Dari sisi sumber daya manusia, Kecamatan Kemang telah memiliki arsiparis yang mendukung pengelolaan kearsipan. Namun, penguatan juga diperlukan pada masing-masing bidang agar pengelolaan arsip tidak hanya bertumpu pada satu bagian, melainkan menjadi tanggung jawab bersama di seluruh lingkungan kerja.

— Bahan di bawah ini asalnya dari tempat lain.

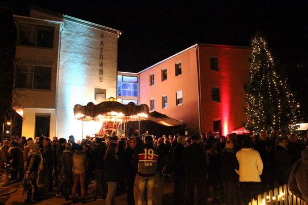 Zur Eröffnung der Schonunger Weihnacht erinnerte der Bürgermeister an die rasante Entwicklung der Großgemeinde: Es sei schließlich der erste Weihnachtsmarkt nach Sanierung der Altlast, Städtebaulicher Erneuerung und Inbetriebnahme des Bahnhofs. Durch mehr Parkplätzen, mehr Mobilität und einem schöneren Umfeld profitiert schließlich auch die Schonunger Weihnacht. Per Bus und Bahn geht es jetzt direkt vor die Tore des Weihnachtsmarktes und auch der Zentralparkplatz im Alban Park ist im Handumdrehen zu erreichen.

Dua lokasi dengan pembahasan yang berbeda tersebut menunjukkan bahwa membangun tata kelola kearsipan membutuhkan pendekatan yang menyeluruh. Ketertiban administrasi dan pemanfaatan sistem harus berjalan beriringan dengan ketersediaan ruang, peralatan, serta dukungan SDM yang memadai.
Lebih jauh, budaya tertib arsip juga perlu dibangun hingga ke tingkat pemerintah desa dan masyarakat. Arsip bukan semata-mata dokumen yang disimpan di kantor pemerintahan, melainkan rekaman kegiatan, sumber informasi, bukti pertanggungjawaban, sekaligus bagian dari memori perjalanan sebuah organisasi dan masyarakat.
Karena itu, Monitoring dan Evaluasi Kearsipan tidak berhenti pada kegiatan melihat dan menilai. Monev menjadi ruang untuk berdiskusi, memahami kondisi di lapangan, sekaligus menemukan langkah-langkah perbaikan yang dapat dilakukan secara bertahap.
Pada akhirnya, tertib arsip bukanlah pekerjaan yang selesai dalam satu kegiatan. Ia dibangun dari kebiasaan: proses surat-menyurat yang tertib, arsip yang dikelola sesuai ketentuan, ruang penyimpanan yang memadai, serta sumber daya manusia yang memiliki kepedulian terhadap arsip.
Sebab arsip yang tertata hari ini bukan hanya memudahkan pekerjaan esok hari, tetapi juga menjaga informasi dan memori pemerintahan untuk masa yang akan datang.